## Exercise prompt
Everything from the line containing "Рисунок 2,с комбинирует" down to the last line of the entries below must be transcribed exactly, and nothing else.

## The data

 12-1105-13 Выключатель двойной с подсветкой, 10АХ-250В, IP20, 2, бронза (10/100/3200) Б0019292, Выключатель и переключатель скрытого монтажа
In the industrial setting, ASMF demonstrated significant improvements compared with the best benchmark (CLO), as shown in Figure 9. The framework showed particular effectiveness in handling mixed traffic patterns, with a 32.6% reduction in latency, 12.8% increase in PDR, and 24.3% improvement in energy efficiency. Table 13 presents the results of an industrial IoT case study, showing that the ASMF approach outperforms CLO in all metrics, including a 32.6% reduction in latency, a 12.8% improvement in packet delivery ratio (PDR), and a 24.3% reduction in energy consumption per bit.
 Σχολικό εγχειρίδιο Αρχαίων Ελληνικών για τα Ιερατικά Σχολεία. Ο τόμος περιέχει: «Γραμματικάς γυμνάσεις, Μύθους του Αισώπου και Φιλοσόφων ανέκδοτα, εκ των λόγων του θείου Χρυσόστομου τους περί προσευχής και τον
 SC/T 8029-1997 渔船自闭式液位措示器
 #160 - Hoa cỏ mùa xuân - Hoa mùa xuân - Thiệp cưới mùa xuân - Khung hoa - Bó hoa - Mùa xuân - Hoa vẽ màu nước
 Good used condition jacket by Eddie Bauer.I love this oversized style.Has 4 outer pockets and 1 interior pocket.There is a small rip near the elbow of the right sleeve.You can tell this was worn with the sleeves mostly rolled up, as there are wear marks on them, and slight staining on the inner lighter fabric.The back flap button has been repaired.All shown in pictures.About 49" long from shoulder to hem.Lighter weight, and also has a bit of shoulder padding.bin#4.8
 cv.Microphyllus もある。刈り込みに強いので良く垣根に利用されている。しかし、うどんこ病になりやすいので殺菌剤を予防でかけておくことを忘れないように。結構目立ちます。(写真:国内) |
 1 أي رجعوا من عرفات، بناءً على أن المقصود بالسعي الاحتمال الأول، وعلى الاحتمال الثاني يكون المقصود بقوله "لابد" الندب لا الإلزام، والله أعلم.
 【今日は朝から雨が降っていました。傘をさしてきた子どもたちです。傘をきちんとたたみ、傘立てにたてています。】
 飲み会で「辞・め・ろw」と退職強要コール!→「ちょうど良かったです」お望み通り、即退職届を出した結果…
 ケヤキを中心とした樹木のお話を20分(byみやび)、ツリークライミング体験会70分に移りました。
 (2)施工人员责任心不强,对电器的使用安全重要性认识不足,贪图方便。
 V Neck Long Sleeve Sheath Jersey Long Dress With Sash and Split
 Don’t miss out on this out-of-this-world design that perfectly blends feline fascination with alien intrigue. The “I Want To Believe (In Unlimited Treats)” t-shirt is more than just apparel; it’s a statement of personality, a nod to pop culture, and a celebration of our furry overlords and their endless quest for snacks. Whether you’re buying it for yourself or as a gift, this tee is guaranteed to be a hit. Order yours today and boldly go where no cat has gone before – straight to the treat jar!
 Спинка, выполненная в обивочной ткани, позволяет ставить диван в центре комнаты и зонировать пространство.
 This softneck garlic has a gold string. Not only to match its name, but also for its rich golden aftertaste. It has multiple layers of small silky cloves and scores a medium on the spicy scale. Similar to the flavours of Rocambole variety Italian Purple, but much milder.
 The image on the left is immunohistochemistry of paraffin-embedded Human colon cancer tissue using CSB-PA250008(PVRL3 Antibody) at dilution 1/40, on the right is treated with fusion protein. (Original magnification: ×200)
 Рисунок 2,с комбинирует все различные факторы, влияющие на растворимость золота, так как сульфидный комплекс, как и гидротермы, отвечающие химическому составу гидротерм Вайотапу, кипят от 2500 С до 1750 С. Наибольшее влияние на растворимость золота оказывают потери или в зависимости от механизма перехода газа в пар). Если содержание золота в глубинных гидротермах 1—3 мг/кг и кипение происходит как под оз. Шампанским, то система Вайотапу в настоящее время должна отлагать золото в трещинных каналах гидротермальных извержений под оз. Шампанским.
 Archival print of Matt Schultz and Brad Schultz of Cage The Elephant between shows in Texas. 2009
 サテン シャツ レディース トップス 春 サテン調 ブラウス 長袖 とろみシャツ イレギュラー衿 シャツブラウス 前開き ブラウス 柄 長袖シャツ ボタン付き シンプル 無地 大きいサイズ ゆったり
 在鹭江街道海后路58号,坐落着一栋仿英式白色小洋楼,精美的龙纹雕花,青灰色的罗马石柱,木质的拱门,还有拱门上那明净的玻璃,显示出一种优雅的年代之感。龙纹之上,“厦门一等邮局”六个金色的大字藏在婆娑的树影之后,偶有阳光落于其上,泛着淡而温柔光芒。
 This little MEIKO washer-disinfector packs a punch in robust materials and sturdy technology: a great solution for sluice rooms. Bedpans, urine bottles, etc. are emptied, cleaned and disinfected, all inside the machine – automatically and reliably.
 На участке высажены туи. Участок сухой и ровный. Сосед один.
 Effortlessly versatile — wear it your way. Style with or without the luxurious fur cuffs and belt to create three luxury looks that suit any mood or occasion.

## Solved exercise
 Рисунок 2,с комбинирует все различные факторы, влияющие на растворимость золота, так как сульфидный комплекс, как и гидротермы, отвечающие химическому составу гидротерм Вайотапу, кипят от 2500 С до 1750 С. Наибольшее влияние на растворимость золота оказывают потери или в зависимости от механизма перехода газа в пар). Если содержание золота в глубинных гидротермах 1—3 мг/кг и кипение происходит как под оз. Шампанским, то система Вайотапу в настоящее время должна отлагать золото в трещинных каналах гидротермальных извержений под оз. Шампанским.
 Archival print of Matt Schultz and Brad Schultz of Cage The Elephant between shows in Texas. 2009
 サテン シャツ レディース トップス 春 サテン調 ブラウス 長袖 とろみシャツ イレギュラー衿 シャツブラウス 前開き ブラウス 柄 長袖シャツ ボタン付き シンプル 無地 大きいサイズ ゆったり
 在鹭江街道海后路58号,坐落着一栋仿英式白色小洋楼,精美的龙纹雕花,青灰色的罗马石柱,木质的拱门,还有拱门上那明净的玻璃,显示出一种优雅的年代之感。龙纹之上,“厦门一等邮局”六个金色的大字藏在婆娑的树影之后,偶有阳光落于其上,泛着淡而温柔光芒。
 This little MEIKO washer-disinfector packs a punch in robust materials and sturdy technology: a great solution for sluice rooms. Bedpans, urine bottles, etc. are emptied, cleaned and disinfected, all inside the machine – automatically and reliably.
 На участке высажены туи. Участок сухой и ровный. Сосед один.
 Effortlessly versatile — wear it your way. Style with or without the luxurious fur cuffs and belt to create three luxury looks that suit any mood or occasion.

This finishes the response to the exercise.